[Extracted material]

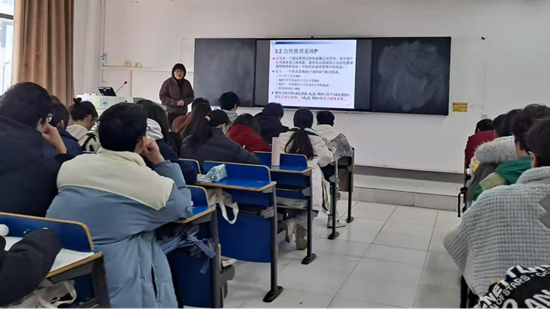 2025年3月18日下午,数据科学与大数据技术教研室郭景娟老师在计科A2462/63班开展《离散数学》公开教学,数据科学与大数据技术教研室以及其他教研室的老师进行学习观摩。教学内容围绕离散数学中的逻辑推理与证明方法展开,通过生动的案例展示了如何利用离散数学中的逻辑规则和证明方法,构建和验证自然语言推理系统。本次公共课,郭老师采用问题导向和互动式等教学方法,通过提问、讨论等形式,引导学生主动思考,教学内容由浅入深、层层递进,学生积极参与,学习热情高,较好地完成了教学目标,达到了良好的教学效果。通过自然推理系统的严格规则和步骤训练,培养学生严谨的思维习惯和提升学生的逻辑思维能力,并通过逻辑证明的确定性和可靠性,引导学生理解诚信的重要性,培养诚实守信的品质。
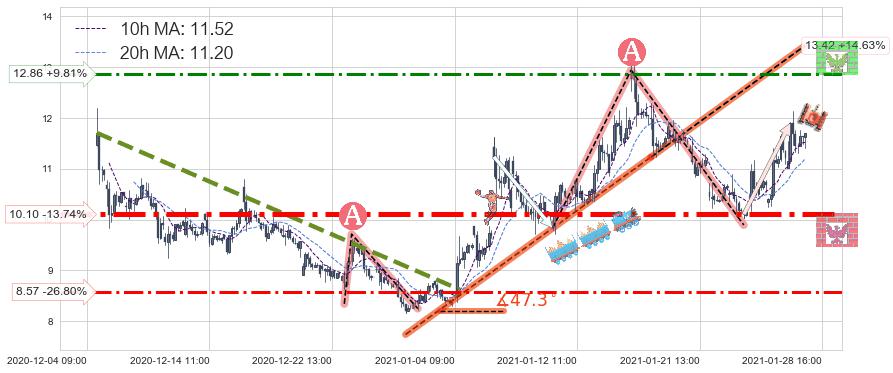 ♘ 支撑价格位10.10,可信任强度92.63%,距离最后交易2021-01-28 16:00形成的收盘价格11.71相差 -13.74%
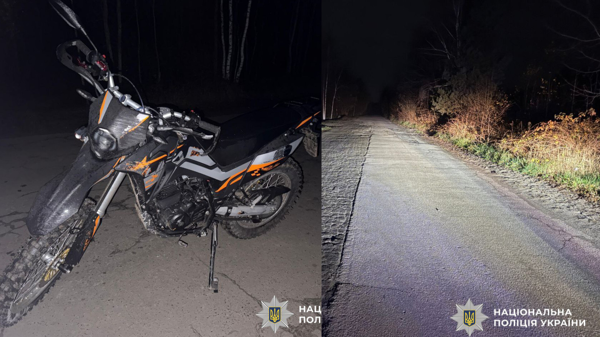 Мотоцикл був незареєстрований, а кермувальник не мав прав.
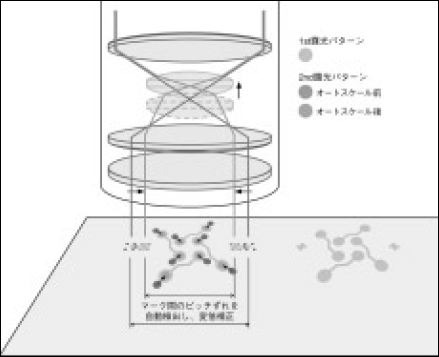 アライメントの開発投影レンズは一般的に露光波長で収差が出ないような設計を行っている。高い解像力が要求されないような場合は、感光材に反応しない546nm(e線)と露光波長の2線で収差補正を行う。しかし、近年のように高い解像力と広い有効露光領域で露光を行うような場合は、前述の方法による設計が困難となる。従って、高解像力化と有効領域の拡大に対応するには、投影レンズを通った露光波長でマスクマークとワークマークを観察し、相対位置をアライメントする必要がある。しかし、アライメント時に露光光を照射すると、アライメントを行わないマスクとワークの相対位置は当然の事ながら合っていない状態なので、位置が合っていない状態のまま露光されてしまう結果となる。また、ドライフィルムレジスト等の感光材では露光時に着色するのが一般的で、ワークのマークの視認性がアライメント途中に変化する事にもなる。このような問題点を解決するための方法として、TTLオンアクシス非露光波長アライメント(ミラーアライメント方式)を開発した。詳細は4.4アライメント系に記載してある。
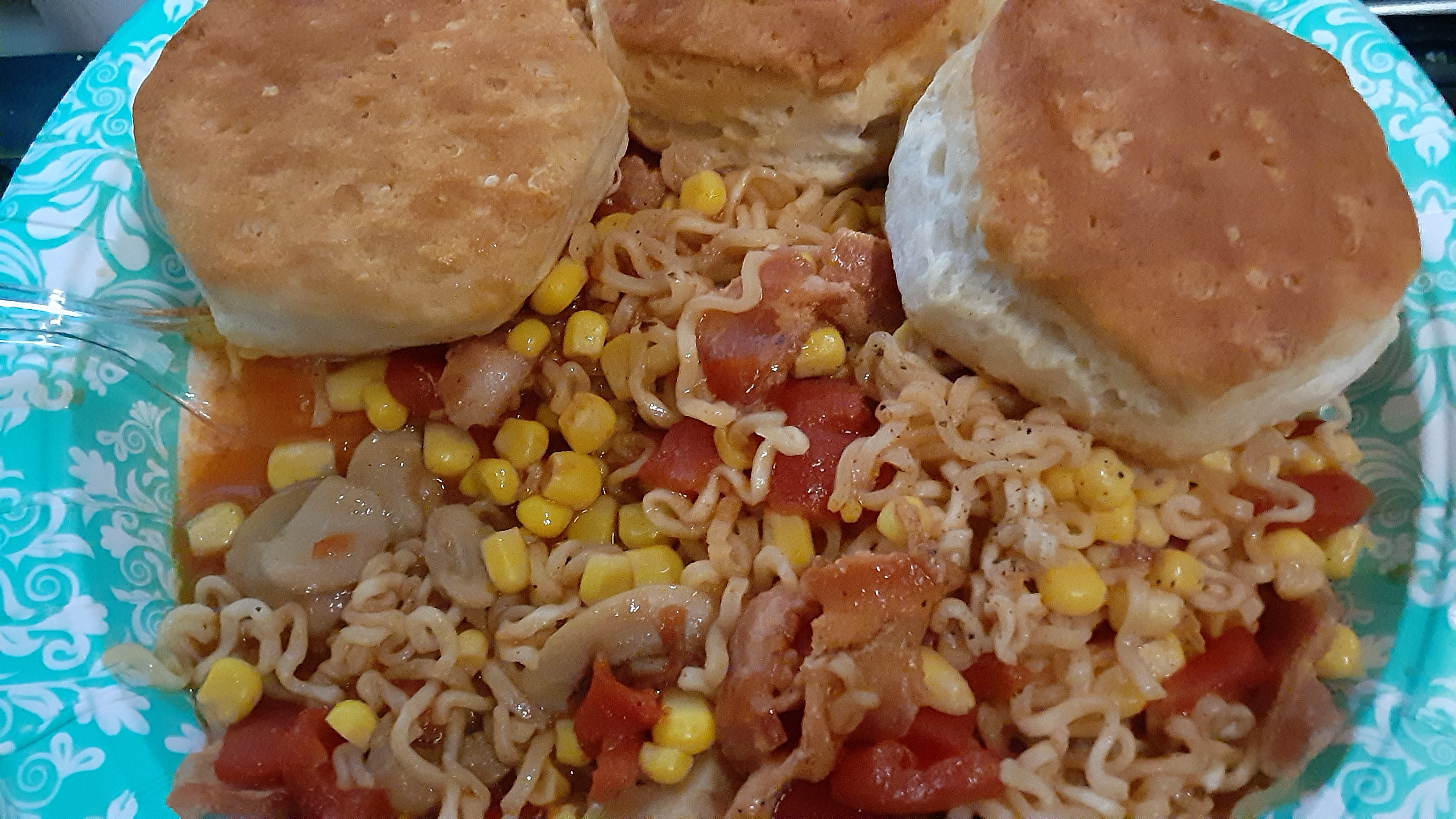 Step 2 >In the same frying pan I cooked the bacon in I added in the can of diced tomatoes, Mushroom's, & Ramon noodles with beef packages, water, Corn & let simmer until noodle's are soft & not stuck together.

[/Extracted material]

About this exercise ->
Text only, no pictures: copy every entry exactly.

Written answer ->
 2025年3月18日下午,数据科学与大数据技术教研室郭景娟老师在计科A2462/63班开展《离散数学》公开教学,数据科学与大数据技术教研室以及其他教研室的老师进行学习观摩。教学内容围绕离散数学中的逻辑推理与证明方法展开,通过生动的案例展示了如何利用离散数学中的逻辑规则和证明方法,构建和验证自然语言推理系统。本次公共课,郭老师采用问题导向和互动式等教学方法,通过提问、讨论等形式,引导学生主动思考,教学内容由浅入深、层层递进,学生积极参与,学习热情高,较好地完成了教学目标,达到了良好的教学效果。通过自然推理系统的严格规则和步骤训练,培养学生严谨的思维习惯和提升学生的逻辑思维能力,并通过逻辑证明的确定性和可靠性,引导学生理解诚信的重要性,培养诚实守信的品质。
 ♘ 支撑价格位10.10,可信任强度92.63%,距离最后交易2021-01-28 16:00形成的收盘价格11.71相差 -13.74%
 Мотоцикл був незареєстрований, а кермувальник не мав прав.
 アライメントの開発投影レンズは一般的に露光波長で収差が出ないような設計を行っている。高い解像力が要求されないような場合は、感光材に反応しない546nm(e線)と露光波長の2線で収差補正を行う。しかし、近年のように高い解像力と広い有効露光領域で露光を行うような場合は、前述の方法による設計が困難となる。従って、高解像力化と有効領域の拡大に対応するには、投影レンズを通った露光波長でマスクマークとワークマークを観察し、相対位置をアライメントする必要がある。しかし、アライメント時に露光光を照射すると、アライメントを行わないマスクとワークの相対位置は当然の事ながら合っていない状態なので、位置が合っていない状態のまま露光されてしまう結果となる。また、ドライフィルムレジスト等の感光材では露光時に着色するのが一般的で、ワークのマークの視認性がアライメント途中に変化する事にもなる。このような問題点を解決するための方法として、TTLオンアクシス非露光波長アライメント(ミラーアライメント方式)を開発した。詳細は4.4アライメント系に記載してある。
 Step 2 >In the same frying pan I cooked the bacon in I added in the can of diced tomatoes, Mushroom's, & Ramon noodles with beef packages, water, Corn & let simmer until noodle's are soft & not stuck together.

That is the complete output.